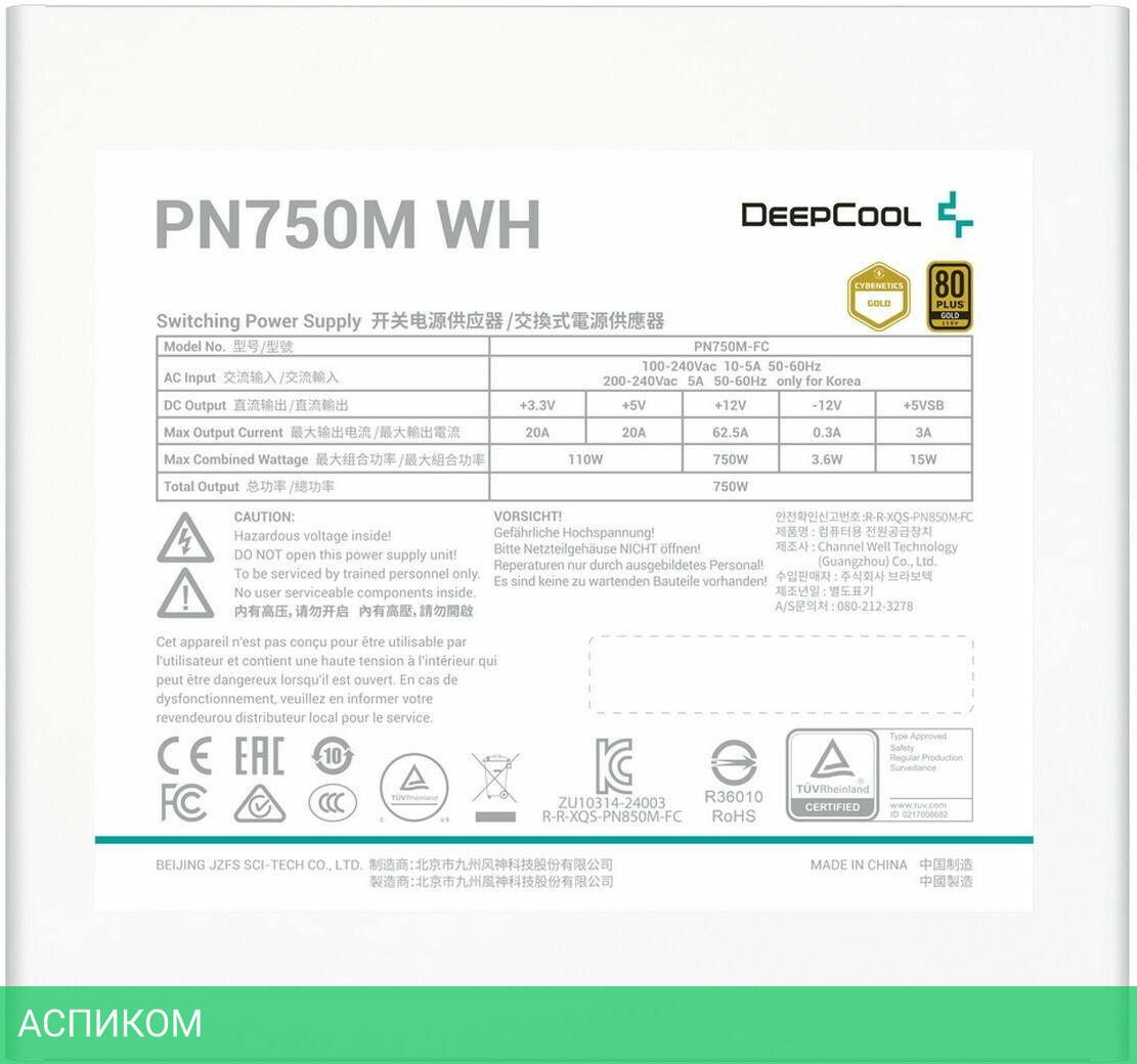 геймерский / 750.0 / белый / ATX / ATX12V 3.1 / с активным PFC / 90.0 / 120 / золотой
---
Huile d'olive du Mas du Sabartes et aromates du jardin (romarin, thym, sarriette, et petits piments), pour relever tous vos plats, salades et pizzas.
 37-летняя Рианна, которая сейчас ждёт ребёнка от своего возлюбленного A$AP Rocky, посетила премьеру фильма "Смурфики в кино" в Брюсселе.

* WHAT THE TASK ASKS:
When the line with "Huile d'olive du" is reached in the data above, start copying there, and copy each line exactly until the line with "37-летняя Рианна, которая" has been copied; copy nothing else.

* OUTPUT FOR THIS EXERCISE:
Huile d'olive du Mas du Sabartes et aromates du jardin (romarin, thym, sarriette, et petits piments), pour relever tous vos plats, salades et pizzas.
 37-летняя Рианна, которая сейчас ждёт ребёнка от своего возлюбленного A$AP Rocky, посетила премьеру фильма "Смурфики в кино" в Брюсселе.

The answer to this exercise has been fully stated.